Provided data ->
***
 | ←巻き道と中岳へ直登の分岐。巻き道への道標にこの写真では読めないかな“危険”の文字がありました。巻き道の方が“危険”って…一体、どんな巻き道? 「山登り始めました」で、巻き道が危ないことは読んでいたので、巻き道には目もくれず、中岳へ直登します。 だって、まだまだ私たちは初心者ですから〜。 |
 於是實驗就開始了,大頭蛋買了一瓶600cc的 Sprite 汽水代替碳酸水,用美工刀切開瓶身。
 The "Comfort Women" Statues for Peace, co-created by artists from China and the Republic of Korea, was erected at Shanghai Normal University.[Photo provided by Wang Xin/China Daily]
***
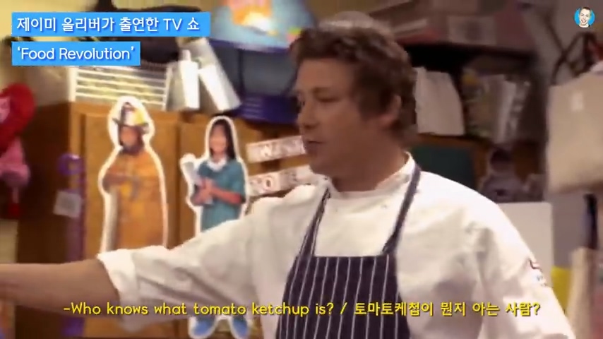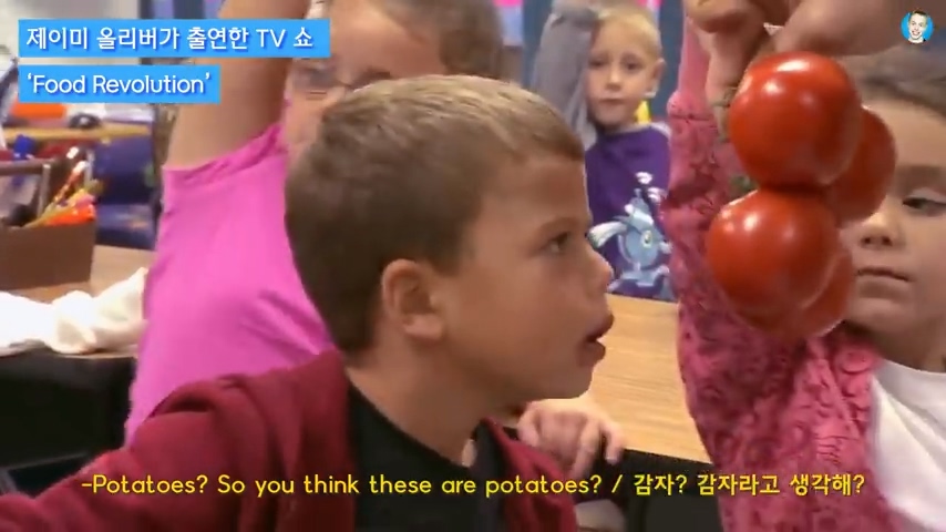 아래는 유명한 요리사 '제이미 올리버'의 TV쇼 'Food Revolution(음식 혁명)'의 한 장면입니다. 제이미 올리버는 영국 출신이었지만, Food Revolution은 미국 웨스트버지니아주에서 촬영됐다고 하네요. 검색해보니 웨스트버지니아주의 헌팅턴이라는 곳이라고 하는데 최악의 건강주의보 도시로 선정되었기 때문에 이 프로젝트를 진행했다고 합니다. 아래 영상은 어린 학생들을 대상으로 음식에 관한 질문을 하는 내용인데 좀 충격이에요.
***
Task item ->
Of the entries above, transcribe exactly those lines that fall between the line containing "於是實驗就開始了,大頭蛋買了一瓶600cc的 Sprite 汽水代替碳酸水,用美工刀切開瓶身。" and the line containing "Wang Xin/China Daily]", together with those two lines.

Written solution ->
 於是實驗就開始了,大頭蛋買了一瓶600cc的 Sprite 汽水代替碳酸水,用美工刀切開瓶身。
 The "Comfort Women" Statues for Peace, co-created by artists from China and the Republic of Korea, was erected at Shanghai Normal University.[Photo provided by Wang Xin/China Daily]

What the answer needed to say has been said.